Autoscaling#

Autoscaling adjusts pool size based on demand. Navarch supports multiple strategies that you can use alone or combine.

Scaling limits#

Each pool has minimum and maximum node counts:

pools:
  training:
    min_nodes: 2   # Never scale below this
    max_nodes: 20  # Never scale above this

min_nodes: Floor for scaling. Set to 0 for pools that can be empty.
max_nodes: Ceiling for scaling. Protects against cost overruns.

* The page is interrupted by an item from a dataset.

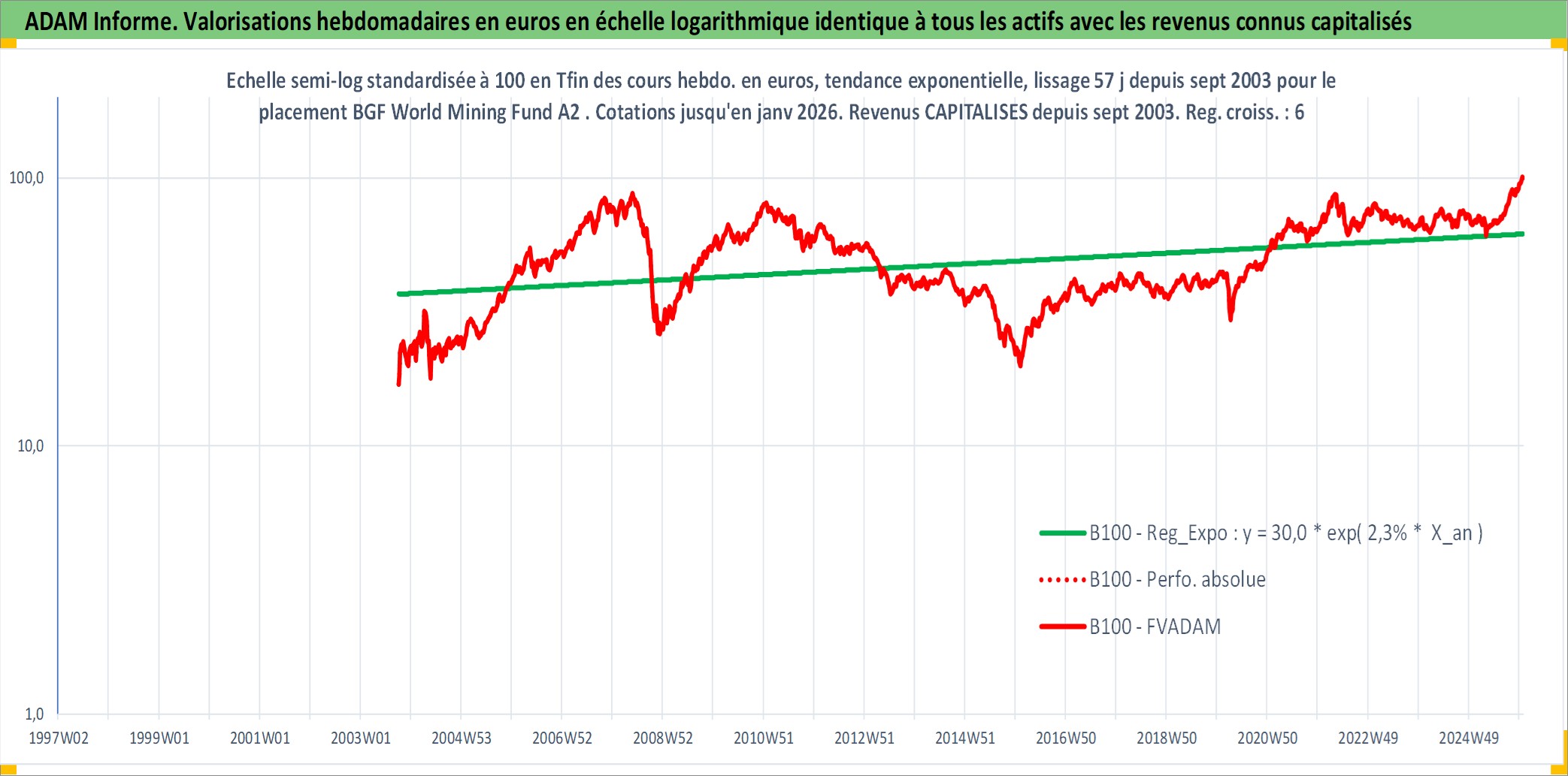 Site dédié aux investisseursPage dédiée sur site financeAnalyse des valorisations hebdomadaires du fonds BGF World Mining Fund A2 USD Matla Acc. Cet actif est cote en USD. Les valorisations sont en contrevaleur EURO et couvrent les semaines 2003W40 a 2026W01. Les revenus de cet actif financier sont pris en compte depuis la semaine 2003W40. La note globale ESG de cet actif est estimee a 6.6 (apres rebasage entre 0 et 20).

The autoscaler operates within these limits. Manual scaling commands also respect them.

Cooldown period#

The cooldown period prevents thrashing when metrics fluctuate:

pools:
  training:
    cooldown: 5m

During cooldown:

The autoscaler still evaluates state.
Recommendations are calculated but not acted upon.
Manual scaling commands are still accepted.

Autoscaling strategies#

Reactive#

Scales based on current GPU utilization. Use for steady workloads where current load predicts future load.

autoscaling:
  type: reactive
  scale_up_at: 80    # Scale up when utilization > 80%
  scale_down_at: 20  # Scale down when utilization < 20%

How it works: Averages GPU utilization across all nodes in the pool. If above scale_up_at, adds a node. If below scale_down_at, removes a node.

Queue-based#

Scales based on pending job count. Use for batch processing where queue depth indicates required capacity.

autoscaling:
  type: queue
  jobs_per_node: 10  # Target 10 jobs per node

How it works: Queries your scheduler for pending jobs, divides by jobs_per_node, rounds up. Requires a metrics source integration.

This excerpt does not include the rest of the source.